“Living with Yourself” is a funny, yet at times heavy TV series
October 29, 2019
“Living with Yourself” is a Netflix produced comedy-drama that explores the concept of revitalizing a dead-end life once again. However, this time there is a twist. The show was created by Timothy Greenberg and stars Paul Rudd as the lead characters. It released its entire eight episode first season on Netflix on Oct. 28.
Miles Elliot is leading a dead-end life. Where once he was great at his marketing job, he is now mediocre, his marriage with his wife Kate (Aisling Bea) is heavily strained and each day is as seemingly awful as the last. Everything takes a turn for the better though when his co-worker Dan (Desmin Borges) tells him of a spa that changed Dan’s own life. Desperate for results, Miles spends the requisite $50,000 for treatment and is put to sleep for his treatment. Upon waking, Miles finds everything instantly better. The sky is beautiful, the air feels amazing and life is worth living.
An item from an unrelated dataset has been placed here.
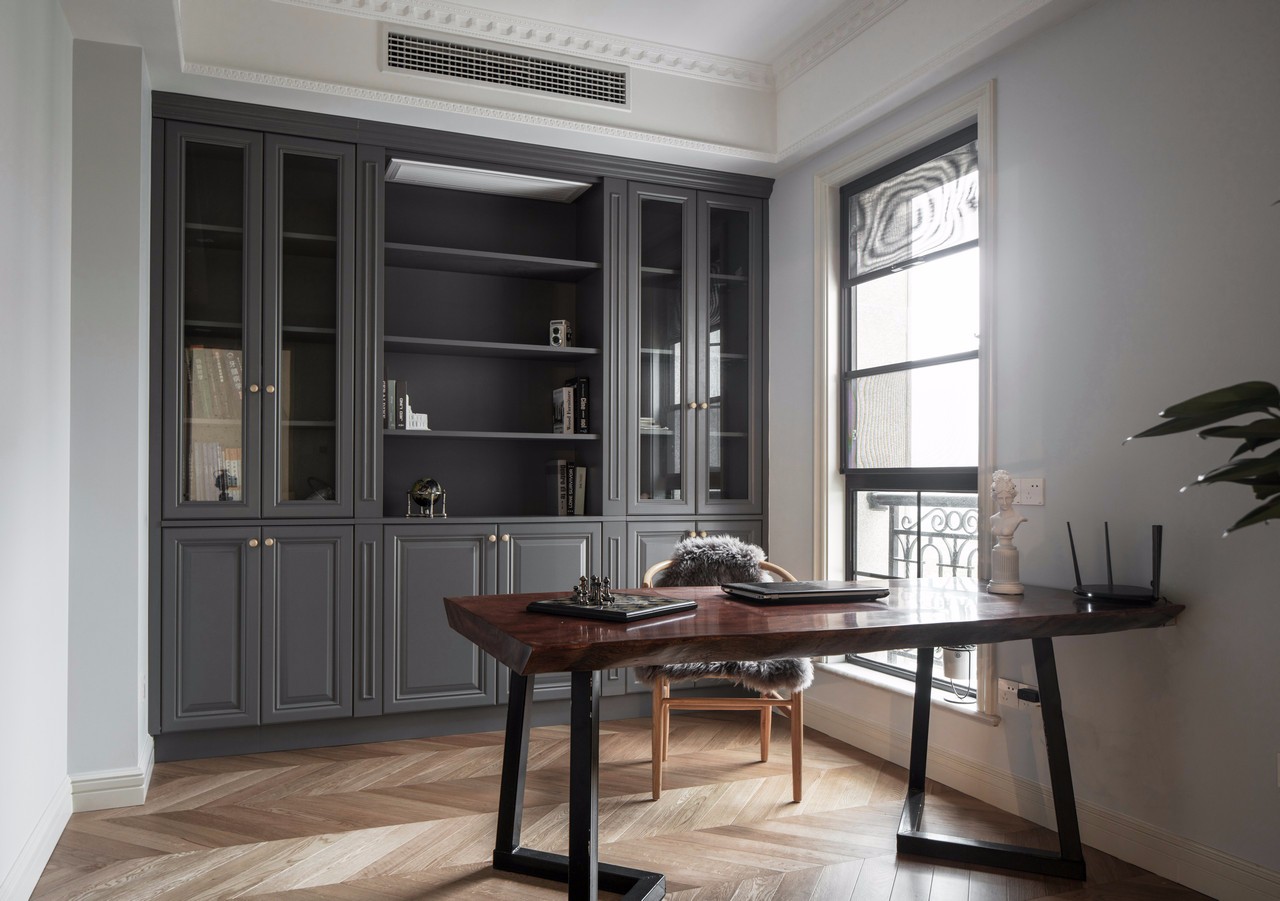 書房空間開放之后,光線充足,空間自由,全實木材質的定制書桌書架,搭配原木色的椅子,十分有質感。 這大概是房東的私人空間,墻面的部分做了櫥柜,方便擱置書籍和小禮物的地方。顏色調性和廚房櫥柜保持了一致。 書桌買了簡易型又文藝的桌子,甚至它可以搖身一變,變成茶室(自行想象)??拷皯舻奈恢?,也是為了采光較好,方便閱讀和思考。有時候頭腦需要休息的時候,還可以向著窗外吹吹風,發發呆。

His new charisma allows him to become better at his job and he begins to mend things with his wife. But when a copy of Miles who acts just as upset with life as before claws his way out of a shallow grave and returns home, Miles and Miles will need to find out what exactly happened at the spa and how they could possibly share a single life.
Paul Rudd’s acting talent is on full display in this darkly hilarious new Netflix show. He is perfectly capable of playing both the charismatic version of Miles and the angry and bitter version of Miles. The comedy is not as overt as other comedies on Netflix, however when the show does start dropping its jokes, they are hilarious. The conflict between the two versions of Miles is tense and funny at the same time, as one Miles acts like Miles before the spa and the other is one that is better than him in every way.
The show is not without its faults though. One of the bigger problems it has is pacing. Almost half of the episodes end on cliffhangers that don’t pay off for another two episodes. The structure of the show has it so that the episodes alternated between the perspectives of the two versions of Miles. Sometimes the episode will end at the exact point the previous episode ended, sometimes it will show a little bit more to advance the plot. However, because of this retreading of story threads, the plot can at times feel sluggish. This is somewhat offset by the runtime being approximately a half hour per episode. This allows those who do not have the time to binge or watch hour length shows on Netflix the time to watch it during their day.
“Living with Yourself” is certainly a fun story with its share of flaws, but overall it is a solid show that uses the acting prowess of Paul Rudd to its fullest potential.